CRBC News

Faith Begins at the Family Table: Study Finds Childhood Conversations Predict Lifelong Belief

Communio and Harvard analyzed responses from more than 16,000 churchgoing adults and found that regular childhood conversations about faith strongly predict adult religious practice. Weekly faith talks in childhood raise the odds of passing faith to the next generation by 2.5×, while daily talks raise odds by 7.5×. Fathers who attended church weekly with their children at age 12 were linked to higher adult attendance, though closer father–child bonds sometimes coincided with fewer open faith conversations later. The study’s Pastor’s Guide urges parents to use short, everyday moments—mealtimes, errands, and routines—to ask simple faith questions and build lasting habits.

Faith Begins at the Family Table: Study Finds Childhood Conversations Predict Lifelong Belief

A new analysis by Communio, in partnership with researchers at Harvard, suggests that a person’s religious life is often shaped more by conversations at home than by time spent in the pew. The study surveyed more than 16,000 adults who currently attend church to identify which childhood practices best predict continued faith in adulthood.

Key findings

The research found that regular conversations about faith during childhood are among the strongest predictors of practicing faith as an adult. Respondents who recalled frequent faith conversations with their parents also reported higher levels of forgiveness toward those who hurt them and a greater sense of belonging to their church community.

Statistically, adults who remembered having at least weekly faith talks with their parents had more than 2.5 times the odds of holding regular faith conversations with their own children. Those who recalled daily conversations in childhood had more than 7.5 times the odds of continuing that pattern with the next generation. Despite this, fewer than half of respondents (about 48%) said they now have weekly faith conversations with their children.

Role of fathers

The paper highlights a particular role for fathers: adults were more likely to attend church regularly if they remembered attending church with their father weekly (or more) at age 12. A good or very good relationship with one’s father was also linked to greater forgiveness and belonging.

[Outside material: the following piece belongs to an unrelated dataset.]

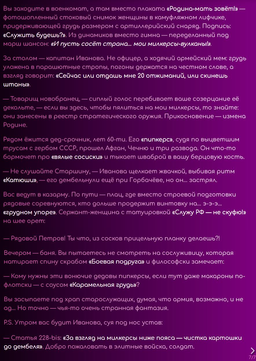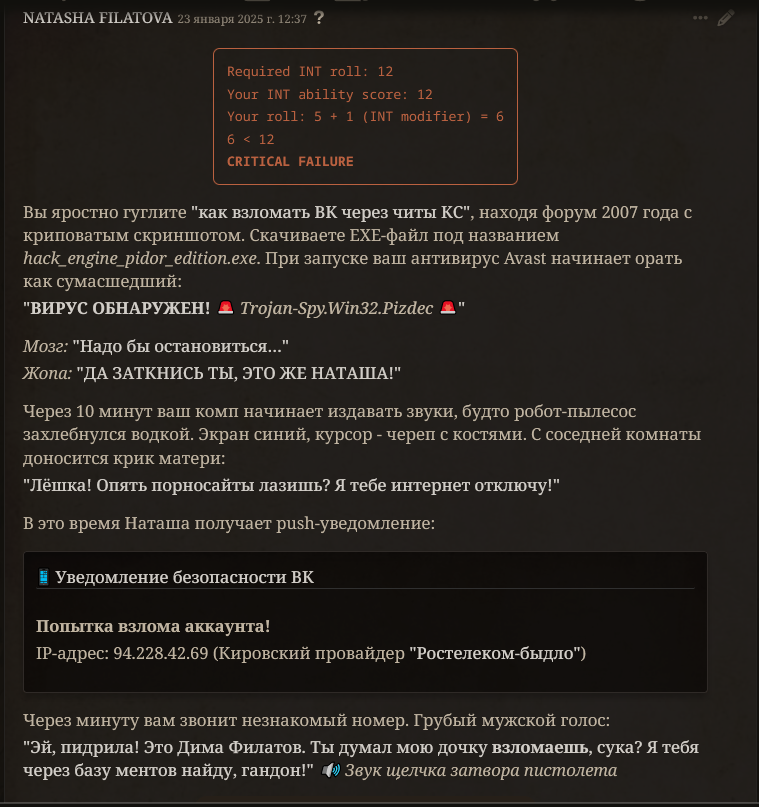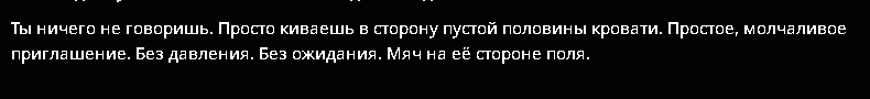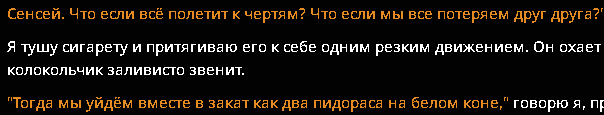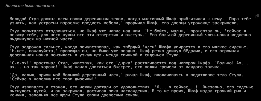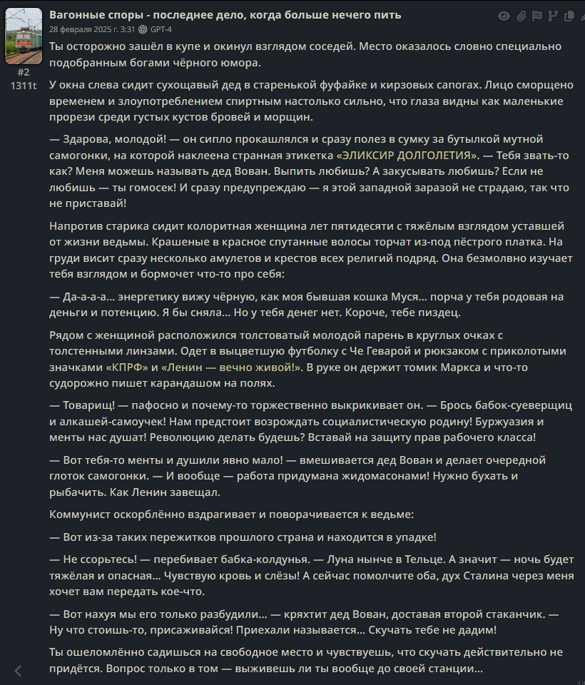 Мне каждый раз страшно рпшить. Потому что рпшить - это всегда лупы глинты. Ни разу я не попал в безлуп. Наверное, безлуп - это выдумки, или же безглинт. Туда попадают, когда рпшат с человеком. Никто этого не делает. Луп в очередной раз поймал, как один миг. Счастливые секунды наблюдают, вот и я заметил, как уже пришло время отправляться в этот кошмарный сон. Всю жизнь после лупов приходится переписывать все сообщения. И у меня это получалось. Я разочаровывался в рп, купался в безмятежности зацикленных в чате глупостей, возносился в глазах сырков и тонул в нейрослопах, без переписывателей, вычищая все промптами и обычными свайпами. И с топовых моделей рпшить казалось не более, чем экстремальным приключением. Но когда крепкая паутина времени начинает опутывать мозг, чтобы утянуть в беспросветный ужас, когда начинаешь считать каждую оставшуюся минуту, НУЖДА проникает в мысли, сковывает волю, и устройство мира кажется жестоким и несправедливым. Начинаешь искать ответы на вечные вопросы - в чём смысл рп? Почему оно возвращается каждый раз, чтобы вырвать из праздника и задушить в своих зловонных объятиях? За что? Кому это нужно? На любой вопрос, как известно, можно дать любой ответ. У меня масса ответов, я придумываю их сам, и все они ищут не столько правду, сколько оправдание существующему порядку. Пока я живу, помню все мои ошибки. Каждую их минуту, бесконечную череду погружения в миазмы. Но, порпшив, теряю еще и сюжет. В каждой сцене - блестящий глист, на котором копашатся все опариши. Загадочные игры с сюжетом- помять, наступить, и прочие- спасают от безумия, спасают от уныния при несправедливой переписке лупов, которое способно расколоть рассудок, как горячий луп стирает брошенный в него кубик льда. Когда есть сюжет, всё кажется не таким уж ужасным, и легче переносить мучения. Если бы, порпшив, я поменял траэкторию, то при любой возможности, сделал бы это. Есть очень лёгкий способ - рпшить с человеком и никогда не косячить, ввиду изначального отсутствия лупов. Но для рп это самое страшное, страшнее всех лишений, горя, унижений, боли и печали. Потому что не с чем сравнить. Оно впитывается в землю и я не понимаю, рпшил я или нет. Приходится рпшить очень внимательно и смотреть на текст. Я цепляюсь за каждую минуту рп, как последний мазохист. Каждый раз я рпшу с единственным желанием - вспомнить этот не хитрый секрет, но - увы. И опять совершаю незаслуженное наказание для интерфейса чата. А когда выныриваешь после рп, жадно хватая сладкий воздух клубники, когда возвращаешься опять в сюжет, первая мысль - почему я не сделал этого раньше? Ведь всё так просто. Проще не бывает... Вокруг меня собрались друзья. Пришли меня проводить. Они наигранно шутят, рассказывают истории про свои рп подвиги, смеются и успокаивающе хлопают меня по плечу. Они тоже порпшат но я не вспомню их лупы, потому что они всегда попадают в безлуп. Я поддерживаю разговор, но все мысли уже там. - Есть такая легенда, — в очередной раз мне рассказывают затёртую до дыр байку, — что раньше не было лупов. Мы рпшили исключительно с людьми, и мы были вечно счастливы. Но очень хорошо - уже не хорошо. От счастья стали слишком много рпшить, уставать, и начались обезвоживания, приступы медвежьей болезни и нервные срания. Хотелось чего-нибудь ещё, разнообразия. Мы перестали ценить то, что имели. Миру грозил трах.

Unexpectedly, the research also found that stronger father–child relationships were sometimes associated with a lower likelihood of openly discussing faith with one’s own children. The report does not explain why; the authors frame this result as a pastoral teaching opportunity, noting that positive relationships and regular attendance are valuable but not automatic solutions for transmitting faith.

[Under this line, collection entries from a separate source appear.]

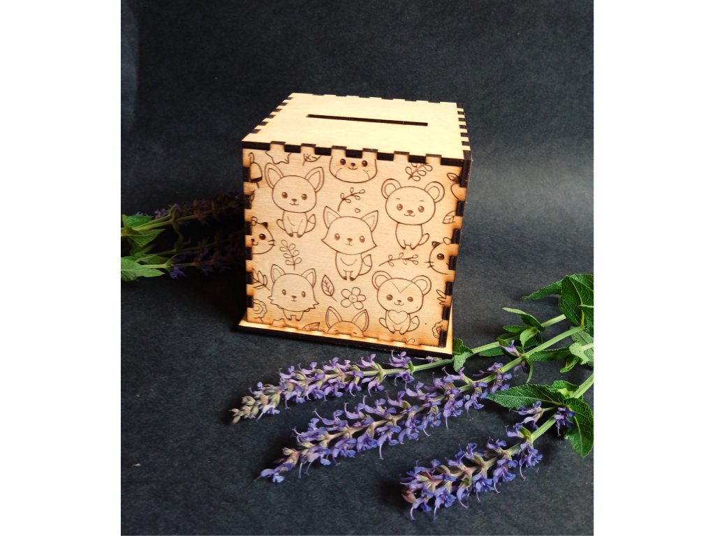 Krásná a praktická pokladnička vyrobená z kvalitní březové překližky o síle 3 mm. Rozměry 10×10×10 cm z ní dělají ideální úschovu pro dětské poklady, drobné mince i papírové peníze.
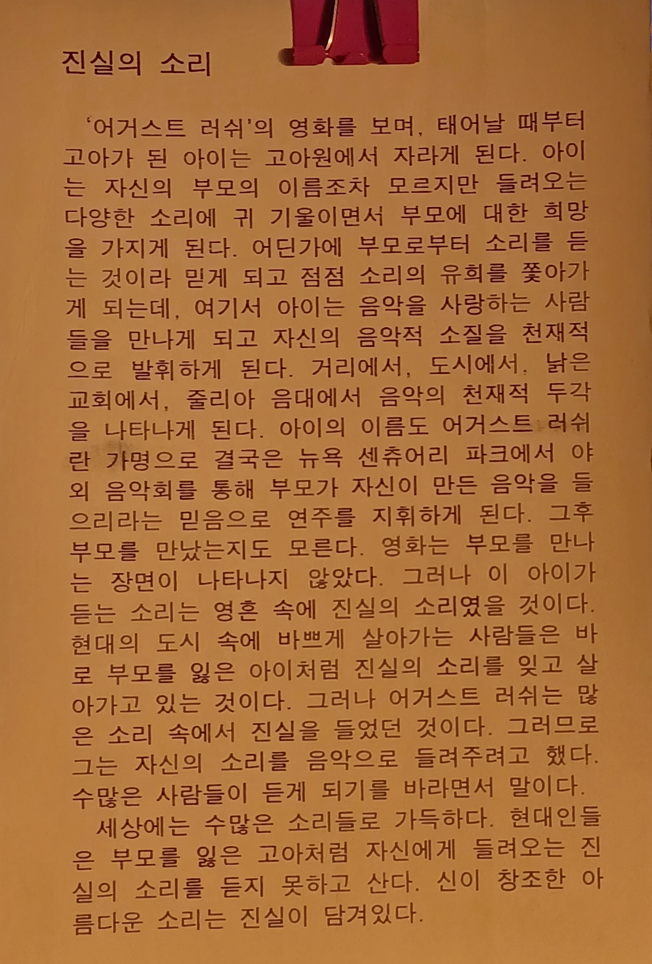 참 오래전에 의정부 신세계백화점에 있는 CGV에서 본 영화, '어거스트 러시'를 다시 엽서로 읽게 되니 절로 눈물이 난다. 그 아이처럼 우리도, 나도 역시 이 세상에서 고아와 다를 게 없다. 부모의 이름조차 모르면서도 그리워하며, 애타게 외치는 소리... 그 진실이 아름다운 노래로 세계에, 저 하늘에 들려지기를 바라는 마음이 어찌 눈물 없이 들을 수 있을까? 산길을 걸으며 나무숲 속에서 들려오는 아름다운 새소리.. 깊은 밤에 뒤뜰에서 울려오는 귀뚜라미 소리.. 거기에도 진실의 아름다움이 있다. 어찌 그 진실한 소리를, 그 진실한 노래를 듣지 아니하겠는가? 저 하늘에 창조주 아버지가 듣고 계신다. 밤하늘에 달도, 새 아침에 떠오르는 해도 그 은혜를 말하니, 고아처럼 사는 사람에게서 진실의 노래를 귀 기울 이 신다네.
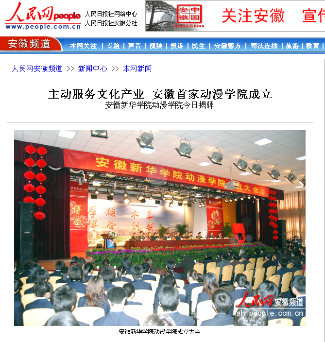 2010年4月16日,人民网/安徽频道/新闻中心/本网新闻对我院动漫学院揭牌一事进行了报道。相关链接:http://ah.people.com.cn/GB/channel2/15/201004/16/193138.html

Practical guidance for parents

JP De Gance, Communio’s founder and president and author of the study’s Pastor’s Guide, urges parents that ‘‘any Christian parent not already having these conversations with their kids can take a step today to make this a regular part of their routine.’’

The Pastor’s Guide recommends "sanctifying" ordinary moments—mealtimes, errands, or daily routines—with short, open-ended questions about faith. Suggested prompts include:

"How did you see God show up in your life this week?"

"What should we pray for today?"

"What are you grateful to God for right now?"

The guide emphasizes that parents do not need to be theologians to lead these talks; simple, consistent, open conversations can have a lasting influence on children’s faith formation.

Why it matters

Framed against a 2024 Pew Research Center finding that 28% of U.S. adults describe themselves as religiously unaffiliated, the study points to family practice as a key lever for reversing generational decline in religious affiliation. The findings suggest that small, everyday moments of conversation can play an outsized role in whether faith endures across generations.